Data sampling in Google Analytics 4 

In Google Analytics 4, reporting is divided into two categories in the ‘Analysis’ tab; standard reports and advanced reports. 

Standard reports are always unsampled in GA4 (based on 100% of data for the selected date range), and advanced reports are sometimes sampled based on the conditions of what data you choose to see. 

The below image shows the standard reporting options in GA4, which are unsampled.

Standard reports in ga4

The next image shows the advanced reporting options in GA4, which are sometimes sampled.

Sometime sample reports

These advanced reports include the following techniques:

technique 1

Unlike in Universal Analytics, the data may be sampled if you apply a secondary dimension or segment to the standard reports. But in the case of GA4, you can apply comparisons, and secondary dimensions, filter your reports, and everything will continue to be unsampled.

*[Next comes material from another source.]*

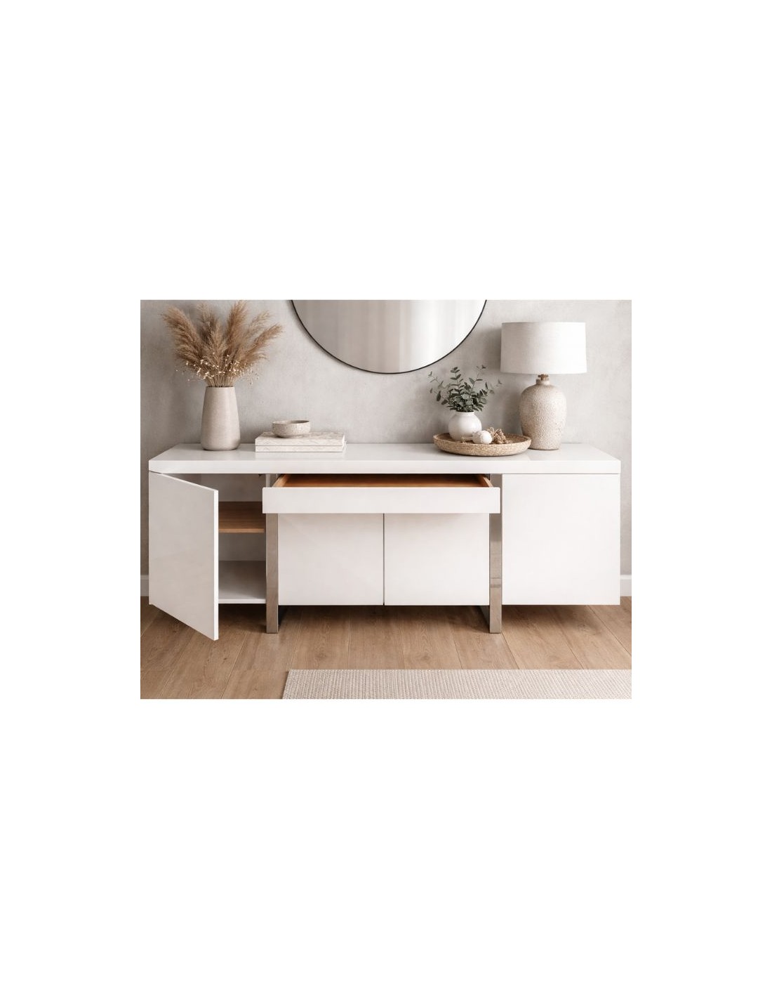 The glossy white lacquer adds a modern aesthetic, while the chromium legs provide shine and sophistication.

If you are viewing an unsampled GA4 report, then you will see a green reporting icon with a checkmark at the top of the report:

green symbol

If you hover your mouse over the green reporting icon, you will see the following message “This report is based on 100.0% of available data.”

100 percent data

If you are viewing a sampled GA4 report, then you will see a yellow reporting icon with a % symbol at the top of the report:

Yello symbol

If you hover your mouse over the yellow reporting icon, you will see the following message “This report is based on XX% of available data.” (In our case, XX represents 95.28%).

sampled data

Sampling differences in Google Analytics 4 Vs Universal Analytics

In Universal Analytics, default reports (standard reports) are not subject to sampling. But if you apply ad-hoc queries to your data (like secondary dimensions or segments), they are subject to the below general sampling thresholds.

  • Standard Analytics: 500k sessions at the property level for the date range you are using
  • Analytics 360: 100M sessions at the view level for the date range you are using

If you want to know more about sampling in Universal Analytics, you can read it here: Understanding Data Sampling in Google Analytics

In the case of Google Analytics 4, the default reports (standard reports) are always unsampled. You can apply comparisons and custom parameters to your report, and all the reports will continue to be unsampled. 

The advanced report in the ‘Analysis’ tab may sometimes be sampled. In general, sampling occurs in advanced reporting when the data exceeds 10 million in counts, and the report you are creating is not a replica (similar) to the standard report.  

Hit limits in Google Analytics 4

In the case of Universal Analytics (standard), there is a hit limit of 10 million per month per account. However, Google Analytics 4 is a free tool and has no hit limits. I have searched a lot about this, but it is not mentioned anywhere in the documentation. This makes it a more premium analytics tool at no cost.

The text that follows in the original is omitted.